In the records below, find the line with "Tijdens de Alblasserwaardse" and repeat it and every line after it, exactly, without any pictures.

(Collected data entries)
================

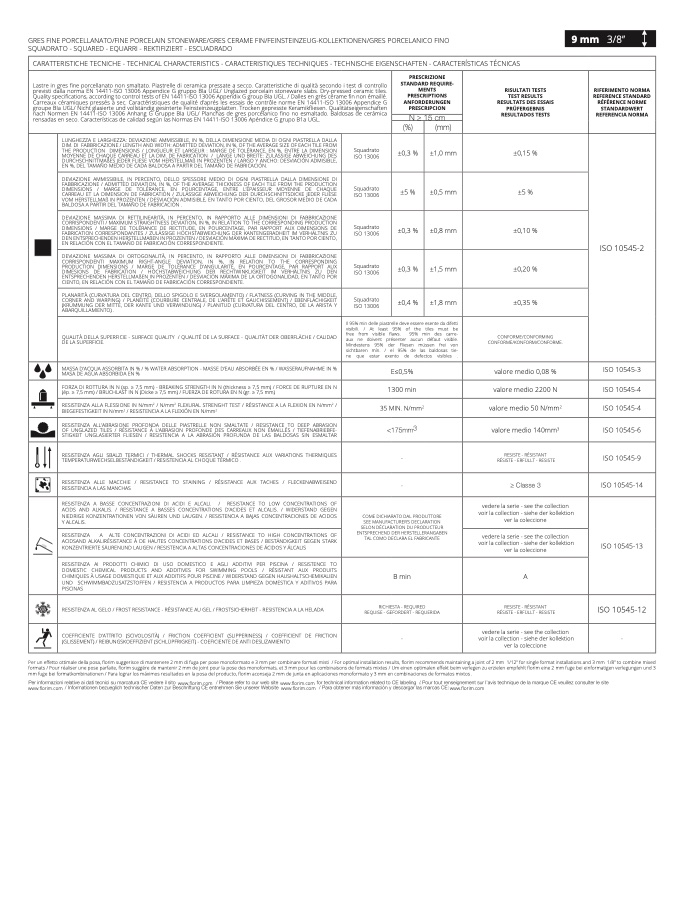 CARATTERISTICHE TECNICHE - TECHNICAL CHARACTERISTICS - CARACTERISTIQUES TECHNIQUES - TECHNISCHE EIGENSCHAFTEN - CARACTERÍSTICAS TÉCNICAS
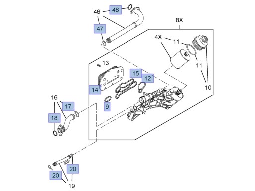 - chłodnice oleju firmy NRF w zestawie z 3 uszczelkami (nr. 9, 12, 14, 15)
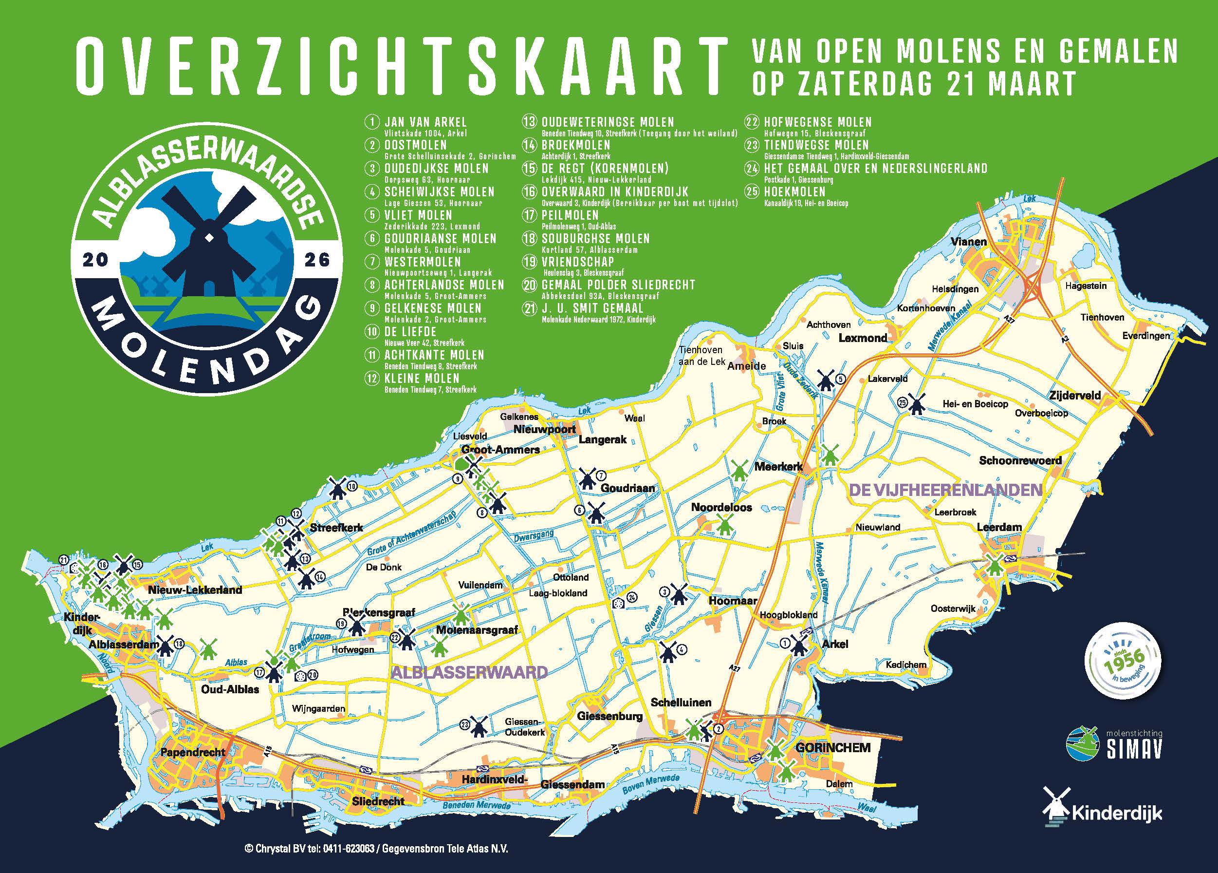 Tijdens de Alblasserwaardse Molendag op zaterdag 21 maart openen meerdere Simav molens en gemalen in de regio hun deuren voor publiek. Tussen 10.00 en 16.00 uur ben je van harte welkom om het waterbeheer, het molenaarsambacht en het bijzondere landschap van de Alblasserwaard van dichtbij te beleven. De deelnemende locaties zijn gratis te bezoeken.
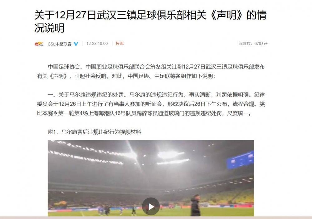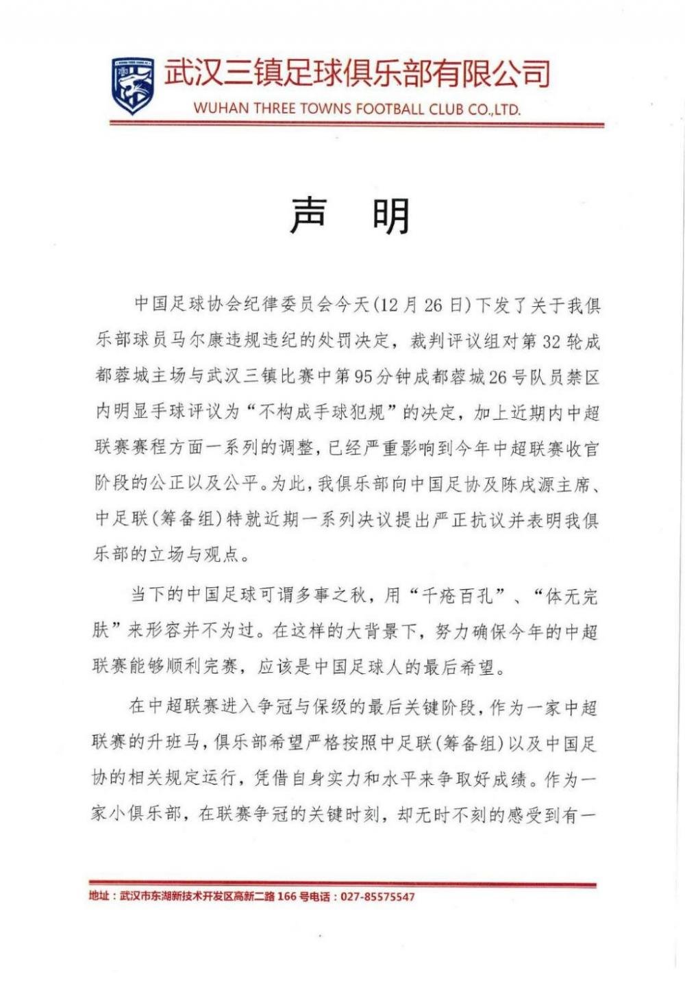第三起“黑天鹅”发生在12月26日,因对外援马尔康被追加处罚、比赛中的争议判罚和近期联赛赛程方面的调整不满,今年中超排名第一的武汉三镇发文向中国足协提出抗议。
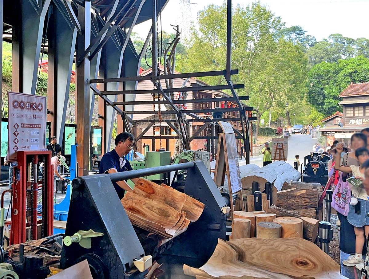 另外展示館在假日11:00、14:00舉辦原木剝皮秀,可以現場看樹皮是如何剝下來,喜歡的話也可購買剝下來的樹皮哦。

================

(RESPONSE TO THE TASK)
 Tijdens de Alblasserwaardse Molendag op zaterdag 21 maart openen meerdere Simav molens en gemalen in de regio hun deuren voor publiek. Tussen 10.00 en 16.00 uur ben je van harte welkom om het waterbeheer, het molenaarsambacht en het bijzondere landschap van de Alblasserwaard van dichtbij te beleven. De deelnemende locaties zijn gratis te bezoeken.
第三起“黑天鹅”发生在12月26日,因对外援马尔康被追加处罚、比赛中的争议判罚和近期联赛赛程方面的调整不满,今年中超排名第一的武汉三镇发文向中国足协提出抗议。
 另外展示館在假日11:00、14:00舉辦原木剝皮秀,可以現場看樹皮是如何剝下來,喜歡的話也可購買剝下來的樹皮哦。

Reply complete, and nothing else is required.